Unreliable feedback: an impression without a click ≠ dislike (maybe unseen); conversion feedback may arrive days later (delayed feedback).

High-level Architecture (Multi-stage Funnel)

graph LR
    U["User request
user features"] --> RT["Realtime features
recent behavior"]
    RT --> REC["Retrieval
two-tower+ANN / CF / rules
1B → thousands"]
    REC --> PRE["Pre-rank
light distilled model
thousands → hundreds"]
    PRE --> RANK["Ranking
heavy · multi-objective
hundreds → tens"]
    RANK --> RR["Re-rank
diversity · spread · biz rules"]
    RR --> OUT["Top-20 feed"]
    FS[("Feature Store
embeddings / stats")] -.-> REC
    FS -.-> PRE
    FS -.-> RANK

    classDef u fill:#1a2530,stroke:#64c8ff,color:#e8eef5
    classDef stage fill:#1a1a30,stroke:#ffb450,color:#e8eef5
    classDef store fill:#2a1530,stroke:#ff7ab6,color:#e8eef5
    class U,RT,OUT u
    class REC,PRE,RANK,RR stage
    class FS store

Each stage cuts the candidate set by an order of magnitude; later models are heavier with finer features

Component roles: Retrieval uses extremely cheap methods (vector dot-product + ANN, collaborative filtering, operational rules) to coarse-filter a few thousand from a billion — optimizing for high recall, not precision. Pre-rank uses a lightweight model to cut thousands to hundreds, a compute buffer between retrieval and ranking. Ranking runs the most expensive multi-objective deep model, scoring each candidate precisely. Re-rank handles global constraints ranking can't — diversity, same-author spread, ad insertion. The Feature Store serves embeddings and statistical features uniformly so training and serving use the same source.

Key Technical Points

1. Retrieval: Collaborative Filtering vs Content vs Two-Tower

One-line trade-off: trade "ability to generalize to never-co-occurred / cold items" for "ability to precompute offline + accelerate with ANN".

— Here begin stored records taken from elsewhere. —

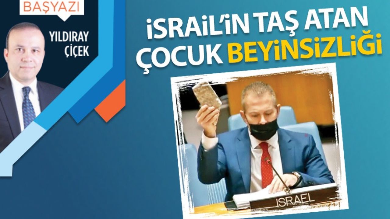 İsrail’in BM temsilcisinin konuşması geçtiğimiz gün dünya medyasına haber oldu. Beyni alınmış İsrail temsilcisi diyor ki: "Çocukları ve kadınları neden bombalayıp öldürdüğümüzü bilmek istiyor musunuz? İşte bu taş yüzünden. Her gün bize bu taşlardan atıyorlar. Siz olsanız ne yapardınız?"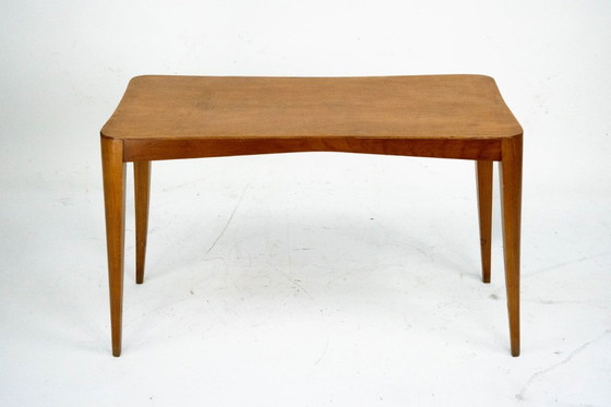 The gently curved frieze is complemented by four slender, tapered legs set at a slight angle, creating a sense of lightness and balance. The proportions and sculptural detailing recall the refined design language of Paolo Buffa. Good vintage condition with minor signs of age and use consistent with time. Some small restorations have been professionally carried out.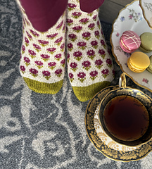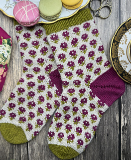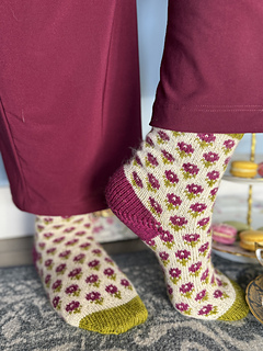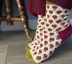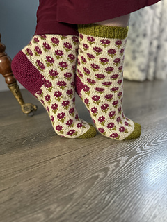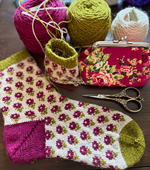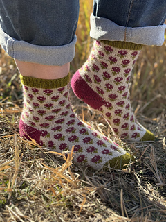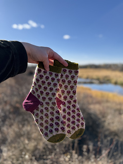 These socks are knit cuff down, increasing sts and changing needle size for the leg and foot to accommodate the less stretchy fabric of stranded knitting. This pattern is written for sock yarn and two different size needles. The heel is a German Short Row Heel and the toe is grafted together with Kitchener Stitch.

Principle: retrieval must pull a few thousand from a billion in milliseconds; the core idea is mapping both users and items into the same vector space where relevant = close, then retrieving with ANN (HNSW, see Day 12). Three approaches: collaborative filtering (CF / matrix factorization) relies on co-occurrence ("people who watched A also watched B"), pure ID, no content features; content retrieval uses item text/image/category features, naturally recalls cold items; two-tower is the industry mainstream — a user tower and item tower each ingest arbitrary features to produce vectors, trained to pull positive pairs close and push negatives apart; at serving, item vectors are precomputed offline into an ANN index and the user vector is computed once online for a dot-product.

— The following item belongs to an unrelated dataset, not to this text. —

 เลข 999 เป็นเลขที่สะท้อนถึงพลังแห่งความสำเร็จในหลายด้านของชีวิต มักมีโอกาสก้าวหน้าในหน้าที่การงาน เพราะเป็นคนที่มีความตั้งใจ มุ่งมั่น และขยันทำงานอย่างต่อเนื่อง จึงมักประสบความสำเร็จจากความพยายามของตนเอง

Method	Generalize/cold	Features	Serving	Typical
item-CF / MF	Poor (needs co-occur)	Pure ID	Precomputed similarity	Amazon "bought also bought"
Content retrieval	Good (cold-friendly)	Content features	Vector ANN	New-item fallback
Two-tower	Good	Arbitrary features	Offline item vectors + ANN	YouTube / Instagram

Trade-off:

Two-tower's hard constraint: the user and item towers cannot cross features before scoring (otherwise item vectors can't be precomputed offline). This loses the "this specific user × this specific item" interaction signal — so two-tower is only fit for retrieval; ranking does the cross features.
Negatives are the crux: using only "impressed-but-not-clicked" as negatives introduces sample selection bias (those are easy negatives already filtered by retrieval). Mainstream uses in-batch negatives (others' positives in the same batch as my negatives) + full-corpus random negatives, with sampling-bias correction (popular items are sampled as negatives more often, so discount by frequency).
Multi-channel retrieval: no single channel covers all intents; production is a union of dozens of channels (two-tower + CF + popular + followed + geo…), each serving one retrieval intent.

# Two-tower in-batch softmax retrieval (PyTorch-style pseudo-code)
u = user_tower(user_feats)        # [B, d]
v = item_tower(item_feats)        # [B, d]  B positive items in batch
logits = u @ v.T / temperature    # [B, B] diagonal = positive pairs
logits -= log_item_freq           # sampling-bias correction: discount popular items as negatives
loss = cross_entropy(logits, labels=arange(B))  # treat the rest of the batch as negatives
# serving: item_tower precomputes all item vectors -> load into HNSW;
#          online compute user_tower once, ANN top-k

Real-world cases:

YouTube: "Deep Neural Networks for YouTube Recommendations" (RecSys 2016) splits recommendation into candidate generation + ranking; retrieval averages watch history into an embedding fed to a feed-forward net — establishing the two-tower retrieval paradigm.
Google / YouTube: "Sampling-Bias-Corrected Neural Modeling" (Yi et al, RecSys 2019) systematically covers sampling-bias correction for two-tower in-batch negatives, a classic reference.
Instagram Explore: uses two-tower for candidate generation (account embeddings + IGQL); cacheable user/item vectors make inference extremely cheap (Meta Engineering blog 2023).
Airbnb: "Real-time Personalization using Embeddings" (KDD 2018) learns listing embeddings from sessions, compressing listings into 32-dim vectors for real-time personalization.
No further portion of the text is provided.